OMG, change in behavior to me means hurry to the 24hr Vet hospital!! My dogs have had mild illnesses but never never had changes in behavior, if they did I'd be freaking out, it could be something very serious.

I'd dfinitely be headed to he vet 
and I truly hope its nothing serious that everything goes back to normal soon!!


Sent from Petguide.com Free App


----------



## peppersb (Jun 5, 2011)

He is certainly not feeling well and may very well be in pain. 

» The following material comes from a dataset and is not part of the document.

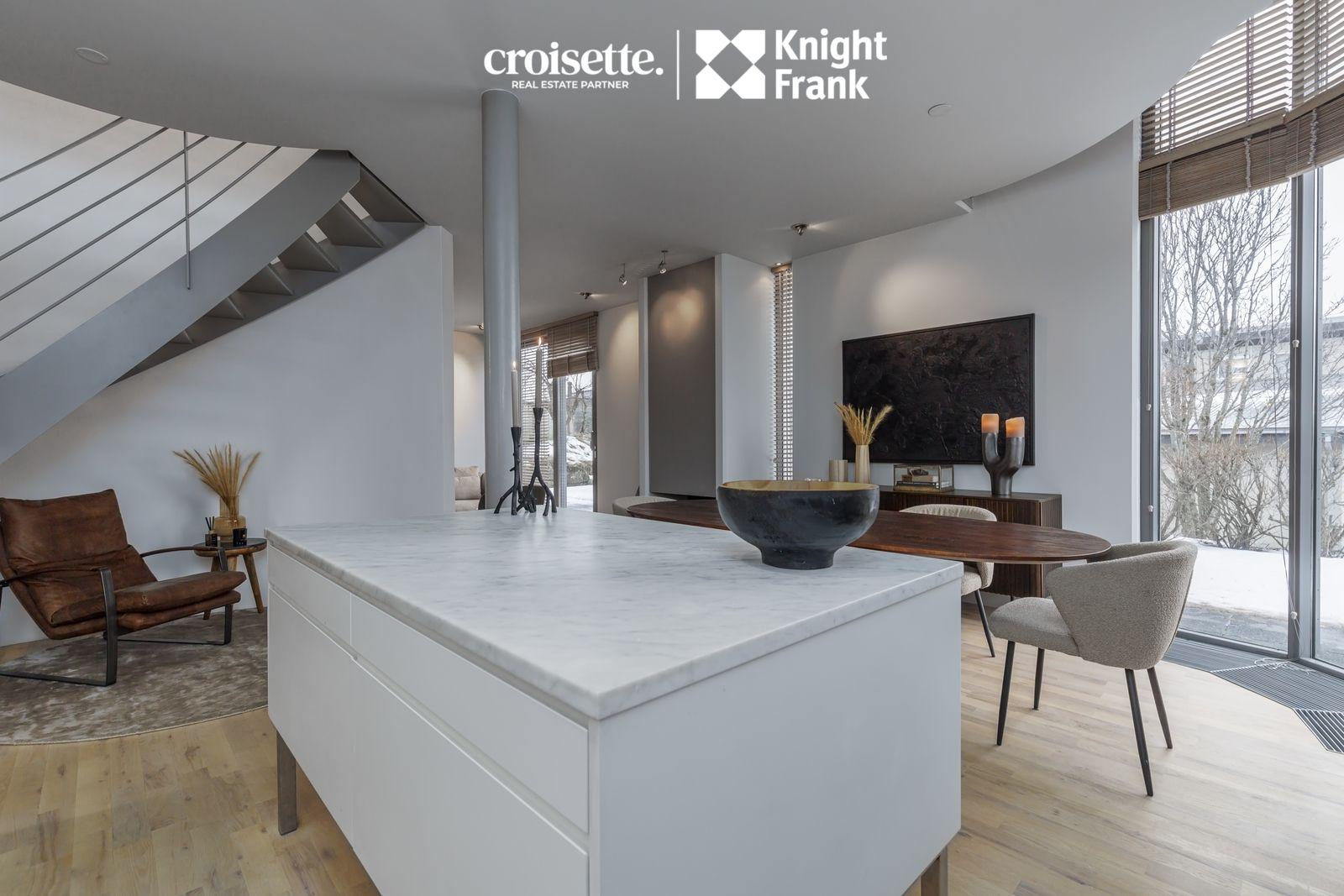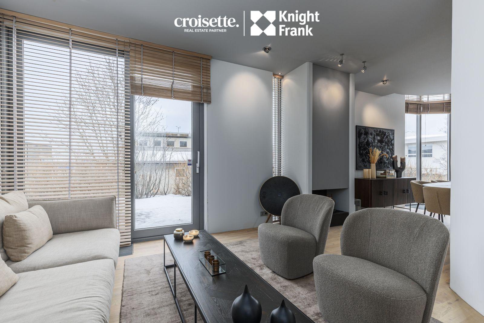 Eldhús, borðstofa og stofa: í þessu rými eru gólfsíðir gluggar, niðurfelldir ofnar og góð lofthæð. Eldhúsinnrétting er hvítlökkuð með marmara á borðum, Simens og Mile eldhústæki. Stór horngluggi er í borðstofu sem nær milli hæða. Útgengt er úr stofu út í garð. Arinn er í rýminu, staðsettur milli stofu og borðstofu.Gegnheilt niðurlímt og olíuborið eikarparket á gólfi.

My girl Sophie had similar behavior just before she was diagnosed with bone cancer--including lying down in a corner facing the wall, standing still with head down, not eating, and avoiding putting weight on one leg. That doesn't mean that your dog has bone cancer. It could be lots of things. But I do think that you need medical attention as soon as you can get it. I agree with Lou -- get him to a 24 hour vet hospital ASAP.


----------



## Jdcollins (Feb 3, 2011)

ESP Bc if its something like bloat... Time is of the essence 


Sent from Petguide.com Free App


----------



## Chagall's mom (Jan 9, 2010)

Checking to see if there's an update on Marco? His symptoms sounded worrying. I hope things went okay at the vet's.:clover:


----------



## CharismaticMillie (Jun 16, 2010)

I would be concerned about Addison's among other things. Please let us know what the bet says.


----------



## frankgrimes (Nov 28, 2011)

Eep! I'm also worried! Hopefully everything worked out? What happened at the Vet!? Sending healing thoughts your way.


----------



## ArreauStandardPoodle (Sep 1, 2009)

Just checking in...any news?


----------



## kontiki (Apr 6, 2013)

How is Marco? We are worried about you, please give us an update.


----------



## MollyMuiMa (Oct 13, 2012)

????????????????????????????


----------



## Lou (Sep 22, 2012)

I'm also worried... 


Sent from Petguide.com Free App


----------



## peppersb (Jun 5, 2011)

I just checked and Mattsmom has not visited the site since Sunday 7/28, the day that she entered the original post. (You can click "Members List" at the top of each page, look up a member and see various statistics including date of last visit.)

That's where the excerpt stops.